Rookie Cop Graduates, Then Schools Thug Minutes Later

An NYPD rookie cop wasted no time making full use of his shiny new badge.

Minutes after he graduated from the Police Academy in a ceremony at Madison Square Garden, Officer Dariel Firpo, 23, collared his first criminal yesterday.

Firpo was leaving the ceremony when he saw a 79-year-old man being robbed of his wallet and thrown to the ground by a mugger, police said. Two men cornered the thief and held him at bay until Firpo took control.

"I tried to get him to stop, but he wouldn't," one of the good Samaritans, Joe Camardella, told The New York Post. "We chased him, and we caught him a half a block away. We surrounded him."

Added police Commissioner Raymond Kelly: "Officer Firpo made us all proud. He's off to a great start."

The man Firpo arrested, Jeffrey Grant, was being charged with robbery. Grant, 47, has 48 previous arrests and was just released last week from Sing Sing Correctional Facility in Ossining, N.Y., after serving time for a robbery conviction, police said.

Grant, of Manhattan, was in custody late Thursday and couldn't be contacted. The name of his attorney wasn't yet on record.

The mugging victim was treated at a hospital for a broken wrist.
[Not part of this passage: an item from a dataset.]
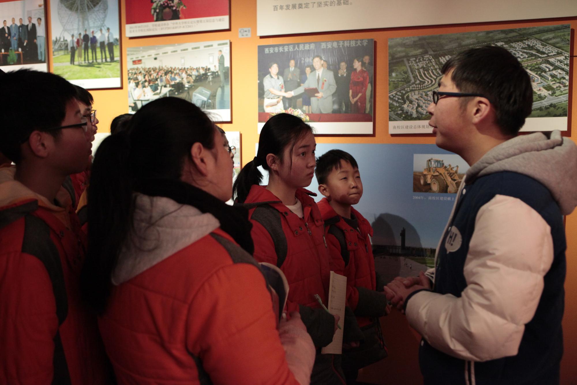 参观活动在“全心全意为人民服务”的主体雕塑前正式展开,工作人员向来访师生介绍了“全心全意为人民服务”的题词来历,以及十根立柱雕塑上代表学校发展的奋斗之路和学科之基。在校史馆,来访师生进一步了解PA捕鱼官方网站的办学历程。毛主席、朱总司令等老一辈革命家的题词、一幅幅老照片引来大家纷纷关注,“半步电台起家”“长征路上办学”的生动故事更得到了大家对西电光荣校史的由衷赞叹。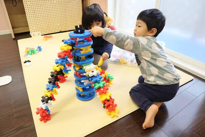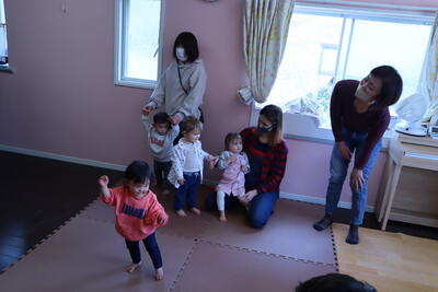 お家の方と一緒に子ども達の大好きなふれあい遊び。子ども達の表情が緩みます

Firpo's feat "may be the fastest police action upon graduation in department history," said chief police spokesman Paul Browne, who was at the graduation ceremony for the class of 250 new officers.
    
Firpo, who graduated from Lehman College in January with a degree in political science, said he wants to focus on community affairs while working in the nation's biggest police department.

"I'm really trying to stick in the community," he said.